No Absolutes
Contemporary Art from the Region
October 8, 2000 - January 7, 2001
Catalogue Essay - Connie Arismendi

Connie Arismendi
Connie Arismendi looks to family and uses natural materials to create
objects that offer comfort both through the familiar and through suggestions
of physical comfort. In Tree of Life, she builds a colossal candelabra
that is also a tree. The candles bear elusive portraits of members of
her family. The form was inspired by a huge candelabra in the cathedral
in Milan, an icon that she recalls as one of both beauty and horror. The
candles transform the ordinary into the liturgical. They convey a sense
of the ephemeral and vulnerable in contrast to the solidity of the metal
tree, and of the duration of a life in contrast to the eternal.
Arismendi creates metaphors of fragility in all her works. In The Pull of Life, she uses velvet cushions as receptacles for growing orchids. During the period of the exhibition, some of the plants will die. But she offers physical comfort and beauty to balance loss. The sense of luxury conveyed by the velvet and orchids is contradicted by their placement on the floor, a disjunction that defies the offer of comfort.
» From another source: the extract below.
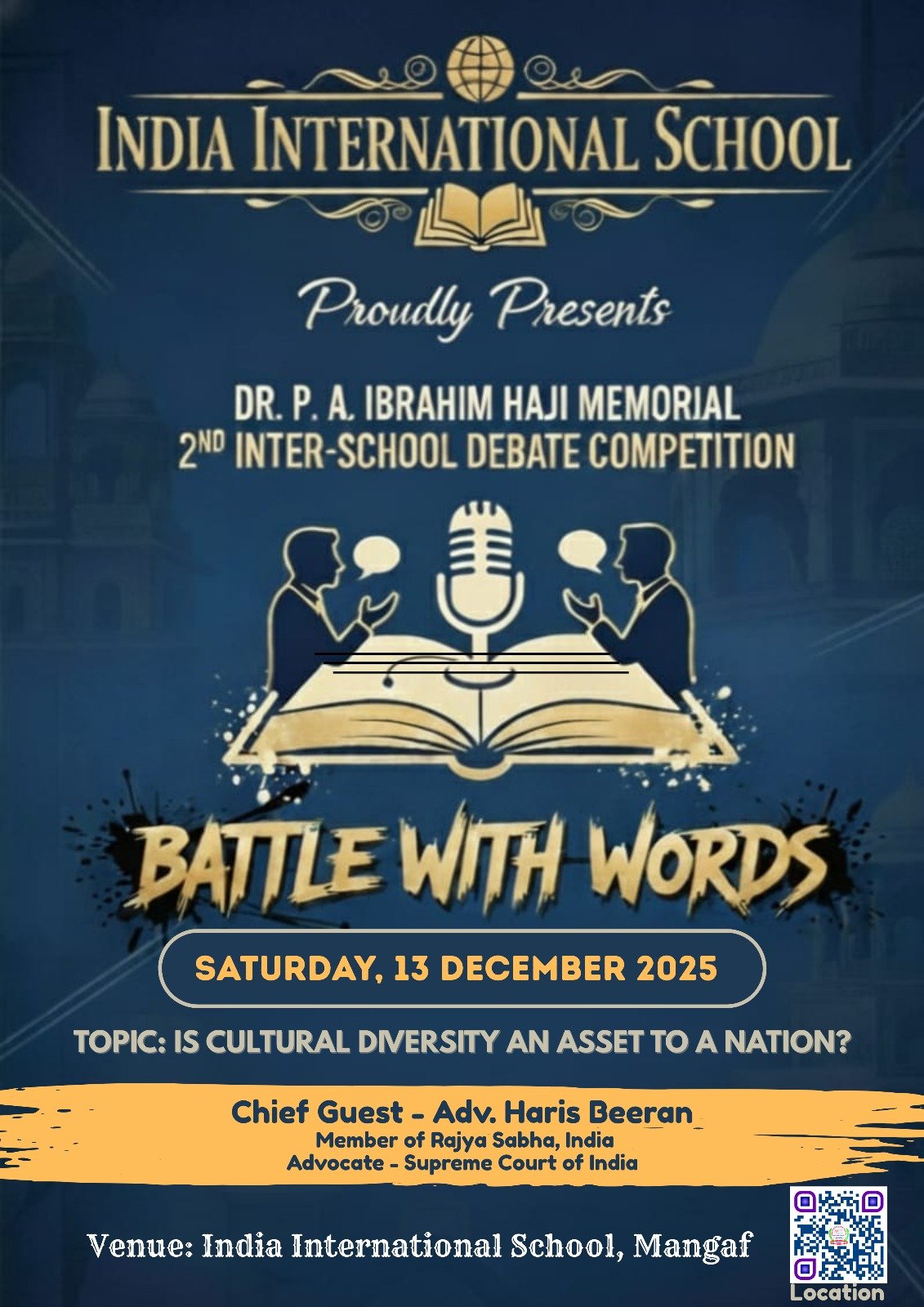 കുവൈറ്റ്: വിദ്യാർത്ഥി സമൂഹത്തിന്റെ ചിന്താശേഷിക്കും സംവാദപാടവത്തിനും പ്രോത്സാഹനം നൽകിക്കൊണ്ട് മംഗഫിലെ ഇന്ത്യ ഇന്റർനാഷനൽ സ്കൂൾ അവരുടെ സ്ഥാപക ചെയർമാൻ ഡോ. പി. ഇബ്രാഹിം ഹാജിയുടെ സ്മരണാർത്ഥമുള്ള രണ്ടാമത് ഇന്റർ സ്കൂൾ സംവാദ മത്സരം ഡിസംബർ 13, ശനിയാഴ്ച ഉച്ചയ്ക്ക് 2 മണിക്ക് സ്കൂൾ ഓഡിറ്റോറിയത്തിൽ നടക്കും. കുവൈത്തിലെ 16 സിബിഎസ്ഇ സ്കൂളുകളിൽ നിന്നുള്ള 32 മിടുക്കരായ വിദ്യാർത്ഥികളാണ് മത്സരത്തിൽ പങ്കെടുക്കുന്നത്. ഈ വർഷത്തെ സംവാദ വിഷയം ശ്രദ്ധേയമാണ്: “സാംസ്കാരിക വൈവിധ്യം ഒരു രാഷ്ട്രത്തിന് മുതൽക്കൂട്ട് ആണോ? (Is Cultural Diversity an Asset to a Nation?)”.

Arismendi fuses metaphors of nature and relationships in Entrelazados. Two potato vines grow separately yet they twine together. The veil surrounding them bespeaks privacy, or the wish for it, since we can look through it to glimpse this conceit of intimacy.
In Ty y Yo (You and I), a simple pairing of a sugar and creamer suggests both difference and relation. They are a matched set, referencing family in the worn and treasured objects.
Marilyn A. Zeitlin
Director/Chief Curator
Arizona State University Art Museum
Return to the No Absolutes exhibition
For more information contact John Spiak at spiak@asu.edu.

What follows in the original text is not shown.